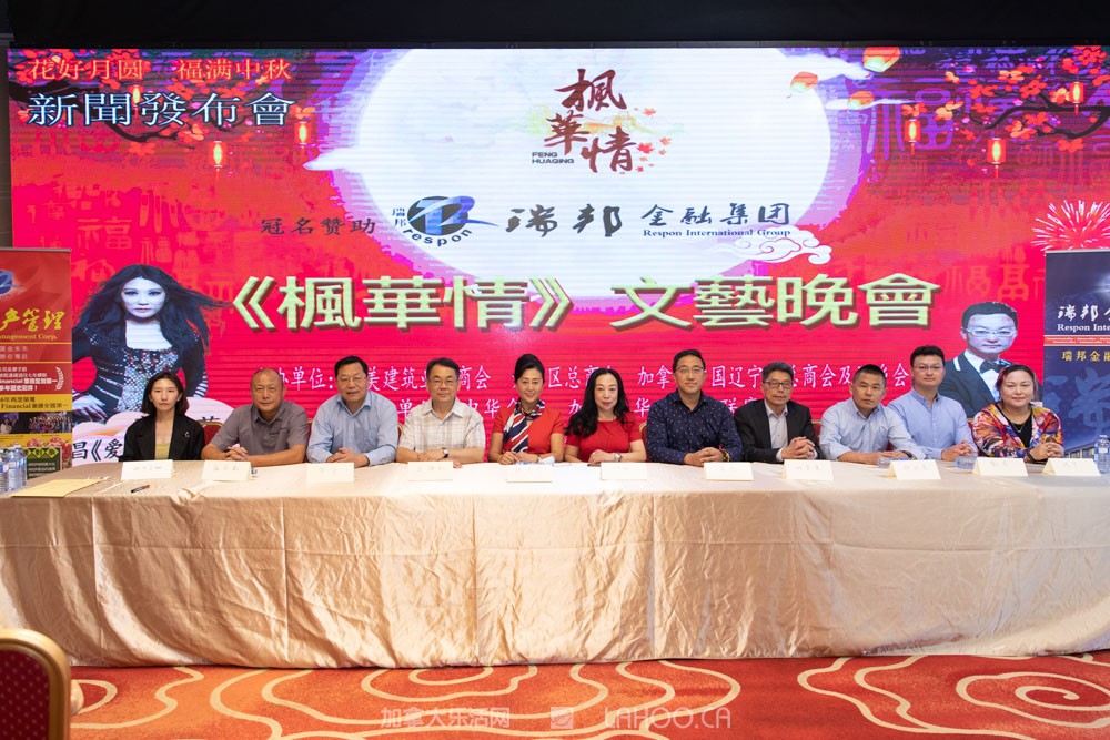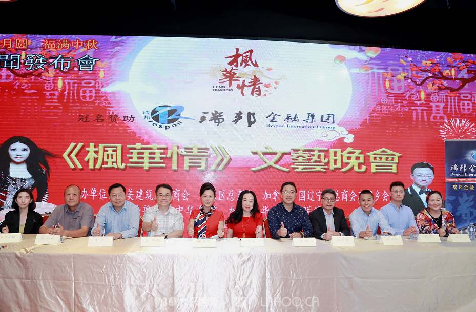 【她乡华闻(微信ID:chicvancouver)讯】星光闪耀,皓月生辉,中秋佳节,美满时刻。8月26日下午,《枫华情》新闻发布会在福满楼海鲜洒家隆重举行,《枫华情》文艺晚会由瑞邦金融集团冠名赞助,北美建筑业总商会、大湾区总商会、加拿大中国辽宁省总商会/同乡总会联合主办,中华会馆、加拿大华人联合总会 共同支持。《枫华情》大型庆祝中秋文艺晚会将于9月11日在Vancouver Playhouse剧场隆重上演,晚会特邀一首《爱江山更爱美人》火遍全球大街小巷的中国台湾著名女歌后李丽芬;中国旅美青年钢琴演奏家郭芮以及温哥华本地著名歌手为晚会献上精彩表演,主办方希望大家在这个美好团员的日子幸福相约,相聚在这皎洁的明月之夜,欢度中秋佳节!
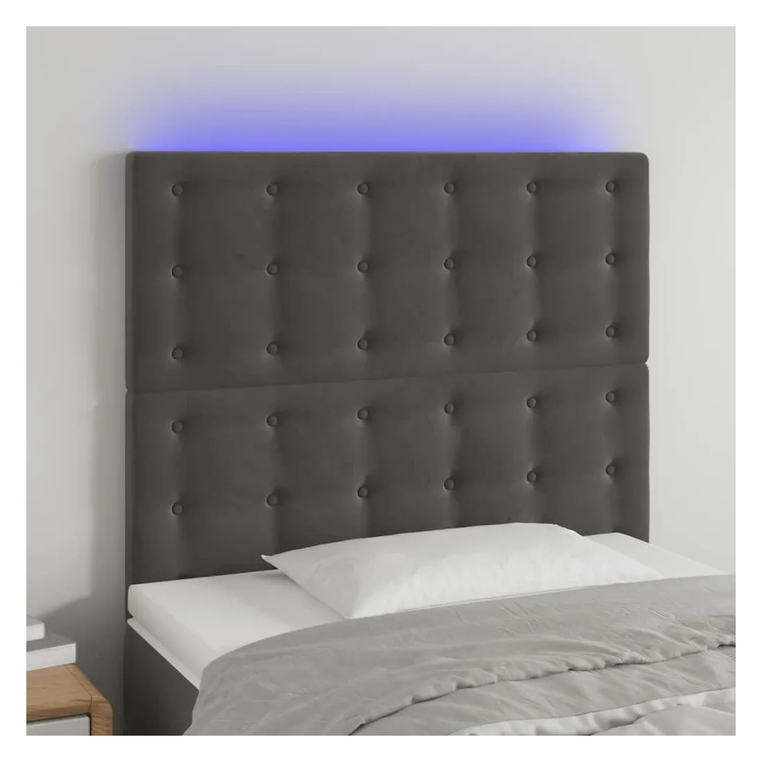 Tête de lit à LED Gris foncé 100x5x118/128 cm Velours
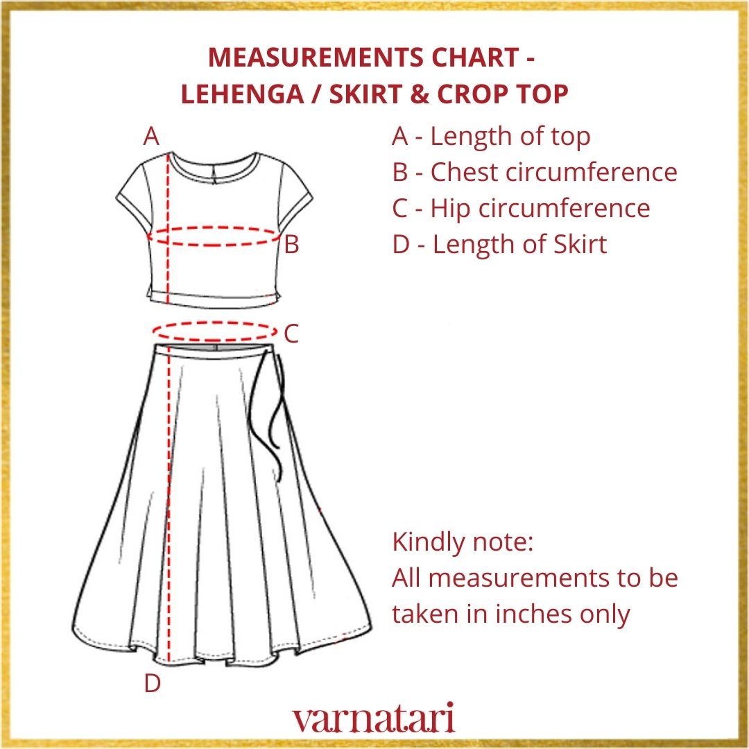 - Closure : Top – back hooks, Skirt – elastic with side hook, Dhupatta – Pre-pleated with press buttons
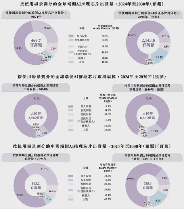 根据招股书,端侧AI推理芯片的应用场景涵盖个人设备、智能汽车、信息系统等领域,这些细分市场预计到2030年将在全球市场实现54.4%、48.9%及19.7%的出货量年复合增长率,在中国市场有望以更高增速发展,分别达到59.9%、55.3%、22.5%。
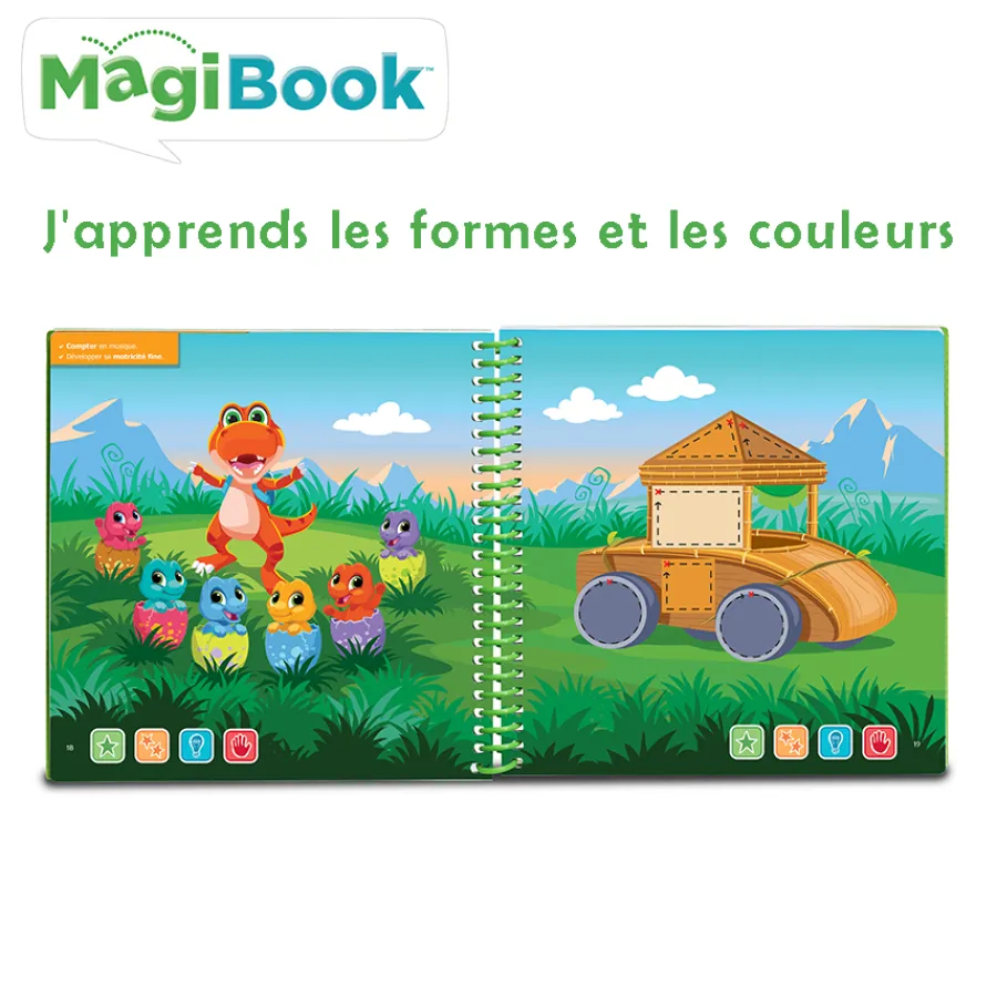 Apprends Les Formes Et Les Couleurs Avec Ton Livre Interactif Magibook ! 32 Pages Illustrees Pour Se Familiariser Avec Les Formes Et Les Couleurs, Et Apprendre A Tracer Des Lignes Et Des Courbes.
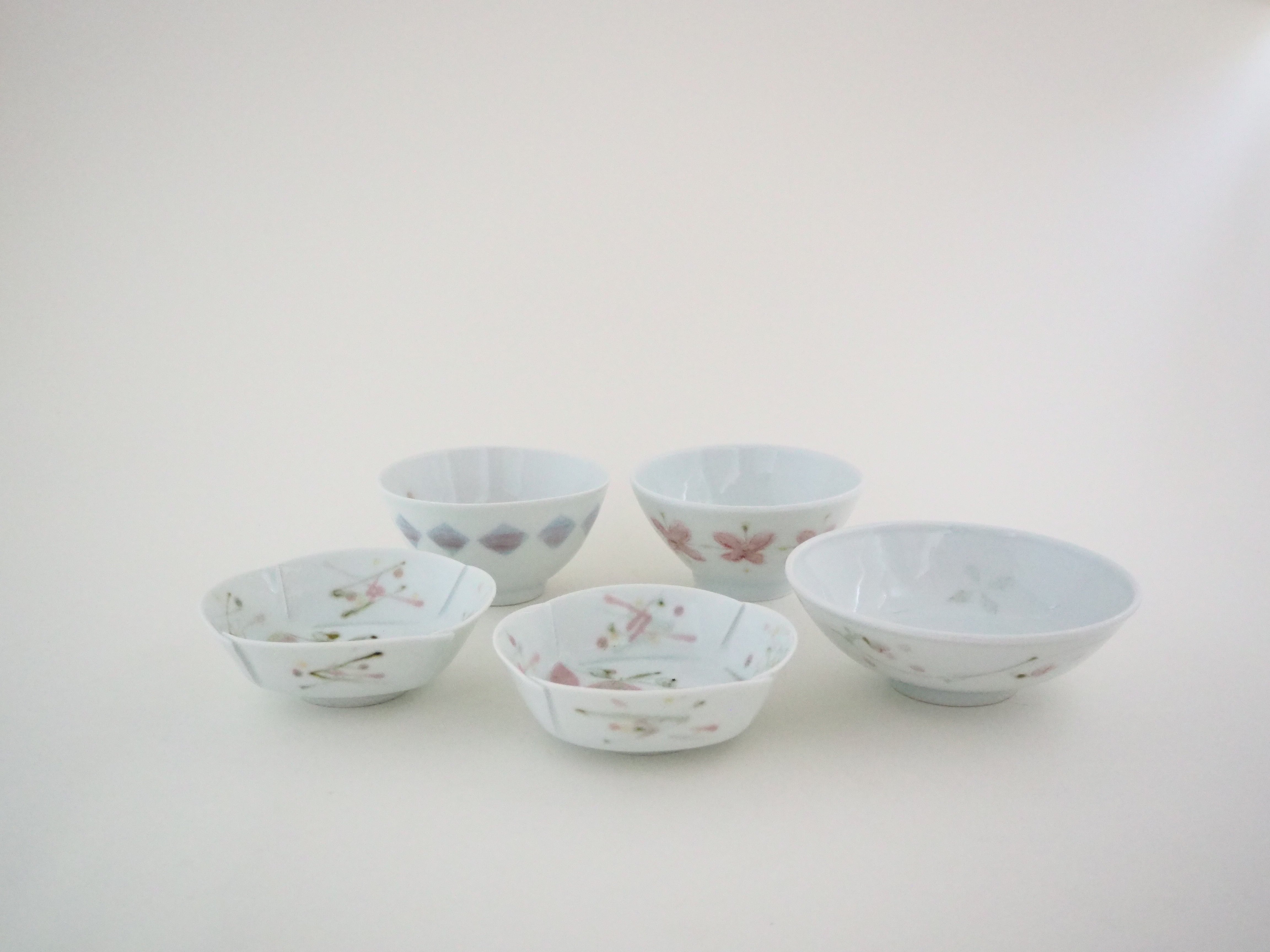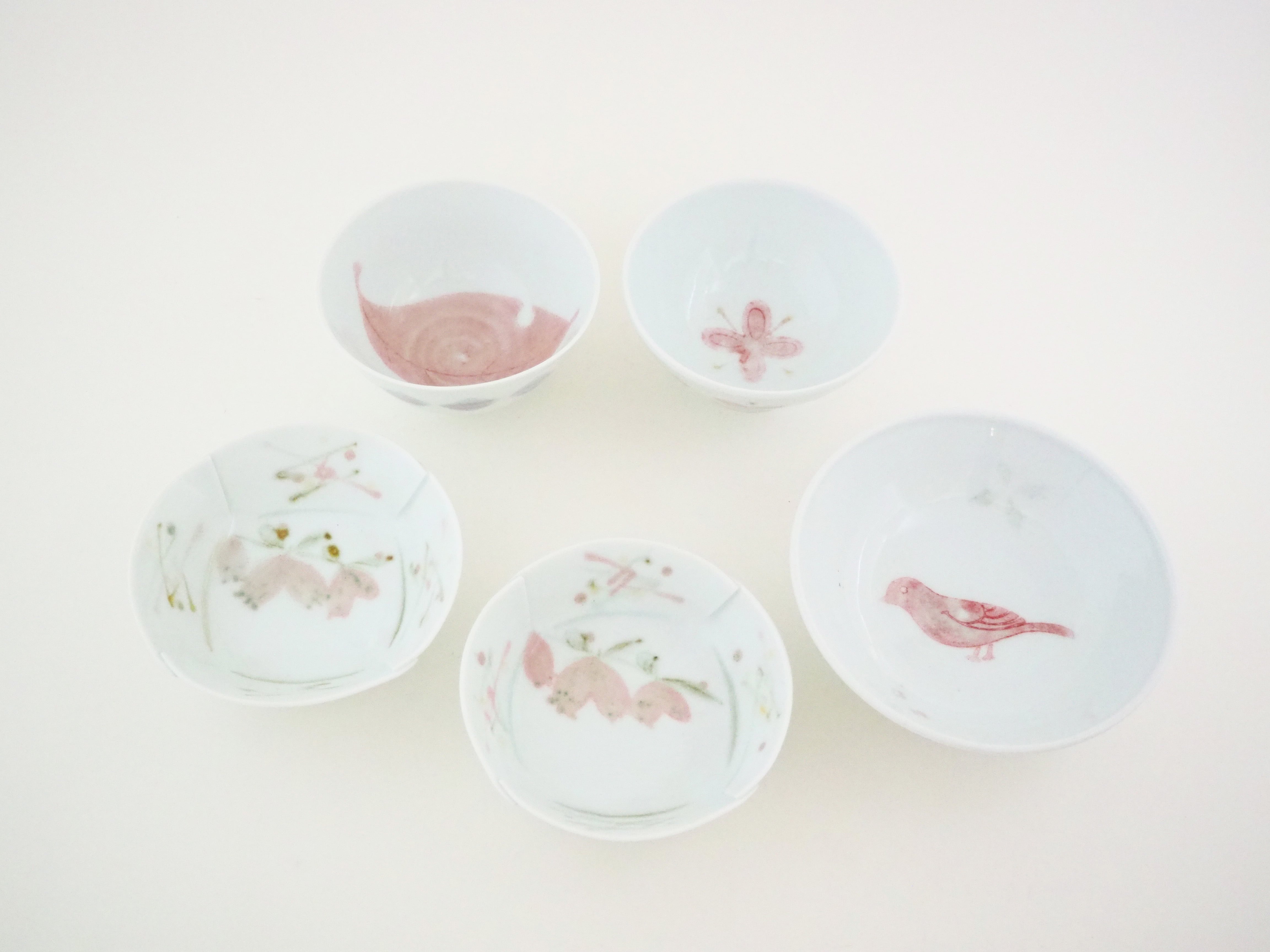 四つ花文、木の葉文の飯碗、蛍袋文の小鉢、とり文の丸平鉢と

## [WORK REQUEST]
Write the material above out again exactly. Omit every image.

## [WRITTEN RESPONSE]
 【她乡华闻(微信ID:chicvancouver)讯】星光闪耀,皓月生辉,中秋佳节,美满时刻。8月26日下午,《枫华情》新闻发布会在福满楼海鲜洒家隆重举行,《枫华情》文艺晚会由瑞邦金融集团冠名赞助,北美建筑业总商会、大湾区总商会、加拿大中国辽宁省总商会/同乡总会联合主办,中华会馆、加拿大华人联合总会 共同支持。《枫华情》大型庆祝中秋文艺晚会将于9月11日在Vancouver Playhouse剧场隆重上演,晚会特邀一首《爱江山更爱美人》火遍全球大街小巷的中国台湾著名女歌后李丽芬;中国旅美青年钢琴演奏家郭芮以及温哥华本地著名歌手为晚会献上精彩表演,主办方希望大家在这个美好团员的日子幸福相约,相聚在这皎洁的明月之夜,欢度中秋佳节!
 Tête de lit à LED Gris foncé 100x5x118/128 cm Velours
 - Closure : Top – back hooks, Skirt – elastic with side hook, Dhupatta – Pre-pleated with press buttons
 根据招股书,端侧AI推理芯片的应用场景涵盖个人设备、智能汽车、信息系统等领域,这些细分市场预计到2030年将在全球市场实现54.4%、48.9%及19.7%的出货量年复合增长率,在中国市场有望以更高增速发展,分别达到59.9%、55.3%、22.5%。
 Apprends Les Formes Et Les Couleurs Avec Ton Livre Interactif Magibook ! 32 Pages Illustrees Pour Se Familiariser Avec Les Formes Et Les Couleurs, Et Apprendre A Tracer Des Lignes Et Des Courbes.
 四つ花文、木の葉文の飯碗、蛍袋文の小鉢、とり文の丸平鉢と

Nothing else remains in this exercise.